Seine Hand gab den Nacken wieder frei und umschloss leicht ihre Wange. „Das wusste ich nicht, aber ich habe es gehofft. Außerdem hatte ich nur diese eine Gelegenheit gehabt, um die Ringe schmieden zu lassen."
„Schmieden? Was meinst du damit?" Ihr neugieriges Herz schlug fest gegen ihre Brust.
„Ich wollte etwas Besonderes für uns. Etwas, was sonst niemand hat und dass uns beide verbindet", fing er an zu erklären und sah dabei so niedlich unsicher aus, „Wenn dir die Idee allerdings nicht gefallen sollte, dann können wir auch andere Ringe nehmen."
„Welche Idee? Nun sag schon, bitte", bohrte sie ungeduldig nach, doch ganz ganz tief in ihrem Herzen kannte sie die Antwort schon, zumindest hoffte sie, sie zu kennen.
„François ..."
„François?", wiederholte sie aufgeregt.
„Ja, er hat doch das Schwert neu geschmiedet" Mias holte tief Luft und hing gespannt an seinen Lippen, „und ich habe ihn darum gebeten, aus dem Material ...", er stockte kurz und wandte den Blick ab, „auch wenn es nicht wertvoll ist und eigentlich ..."
Ein freudiges Quietschen unterbrach seine Unsicherheit. „Du hast unsere Ringe aus der Schwertklinge schmieden lassen?!", rief sie überglücklich.
„Ja, aber falls ..."
„Oh mein Gott, das ist perfekt! Das ist mehr als perfekt und eine ganz tolle Idee. Ich liebe diese Vorstellung und ich liebe diese Ringe jetzt schon", sie schaute ihn direkt an und sah das Leuchten in seinen Augen, „Und ich liebe dich!"
Mias Puls raste vor Glück und sie musste tief durchatmen, um sich wieder etwas zu beruhigen. Dieses gesamte Wochenende war eine Achterbahn der Gefühle für sie gewesen.

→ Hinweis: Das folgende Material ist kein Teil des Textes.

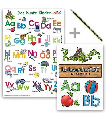Helga Momm - Das bunte Kinder-ABC - Set in Druckschrift: Lernposter DINA 4 laminiert + Schreiblernheft DINA 5 auf 120g/m² Zeichenkarton + Staedler Bleistift - Preis vom 18.09.2025 05:07:49 h
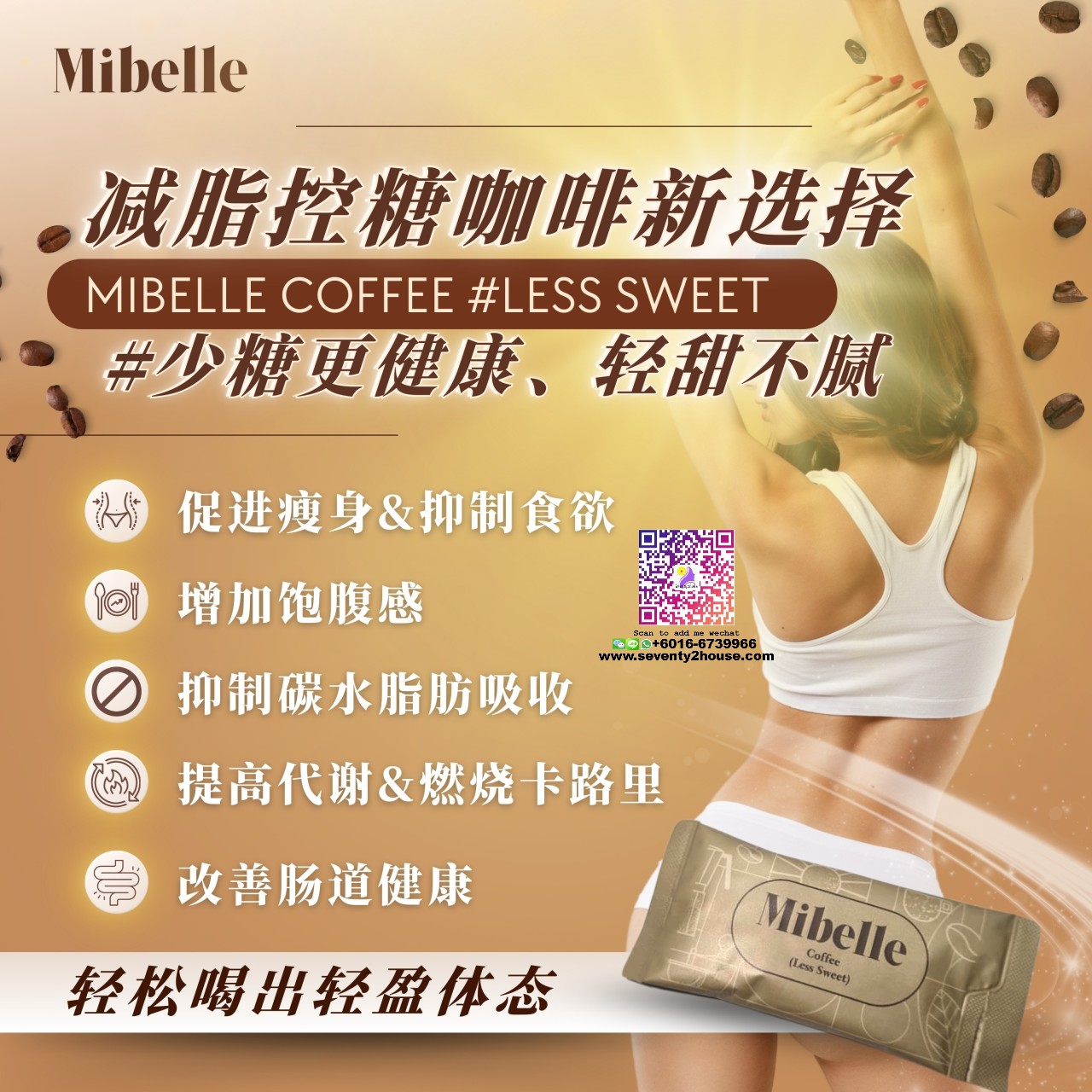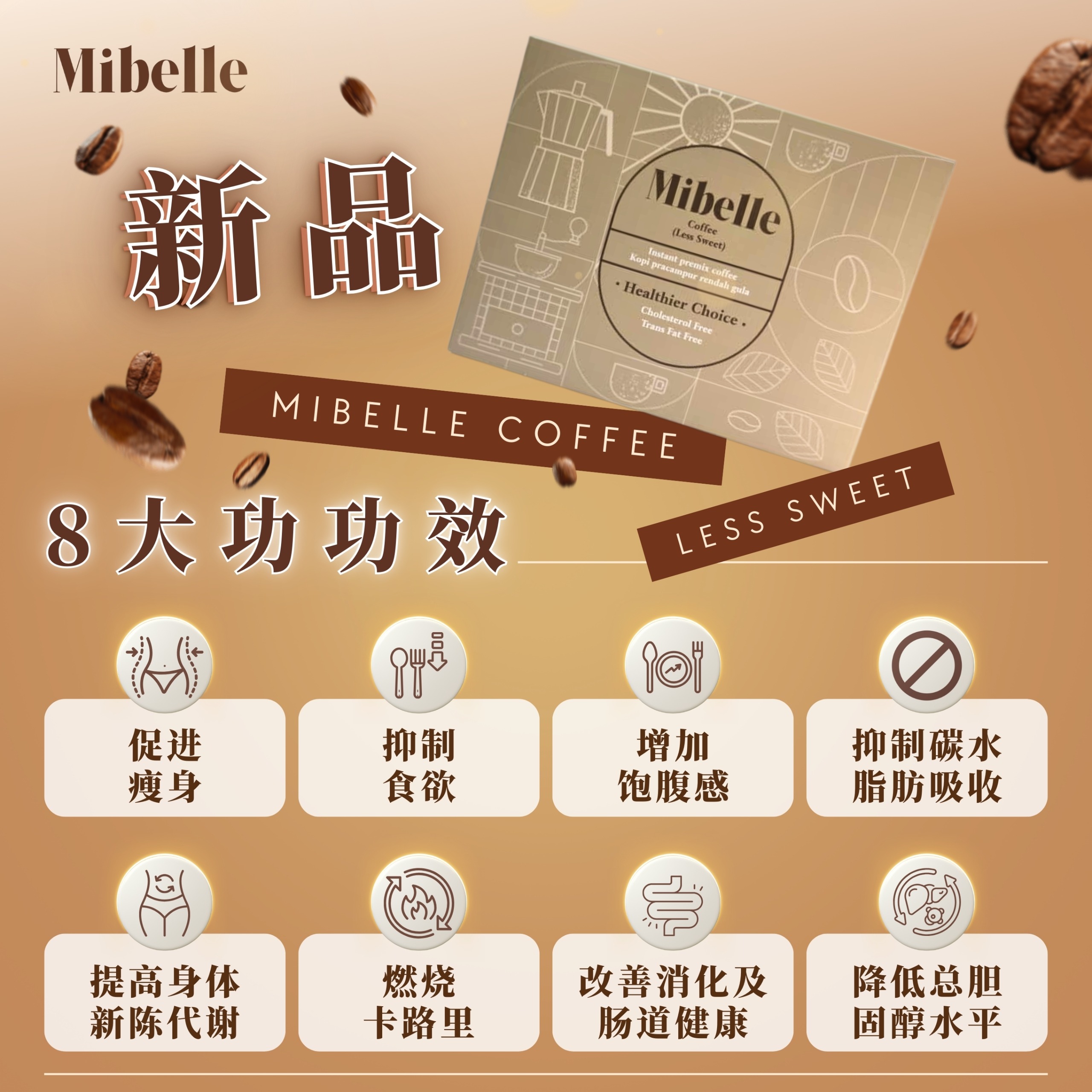 MIBELLE COFFEE SLIMMING (less sweet)(微甜咖啡 - 瘦身咖啡) 20包/盒

„Petz mich!", befahl sie ihm lachend, „Petz mich!" Sie konnte es kaum fassen, dass das alles kein Traum war. Noch vor Kurzem hatte es so ausgesehen, als hätte sie Cory Pheus heiraten müssen, nur um ihn wenigstens noch einmal sehen zu dürfen, doch das Blatt hatte sich für sie gewendet.
„Ich werde dich nicht petzen, aber ich kann dich gerne küssen, wenn du ..."
Sie ließ ihn den Satz nicht beenden, sondern beendete ihn mit ihren vollen Lippen auf seinem weichen Mund.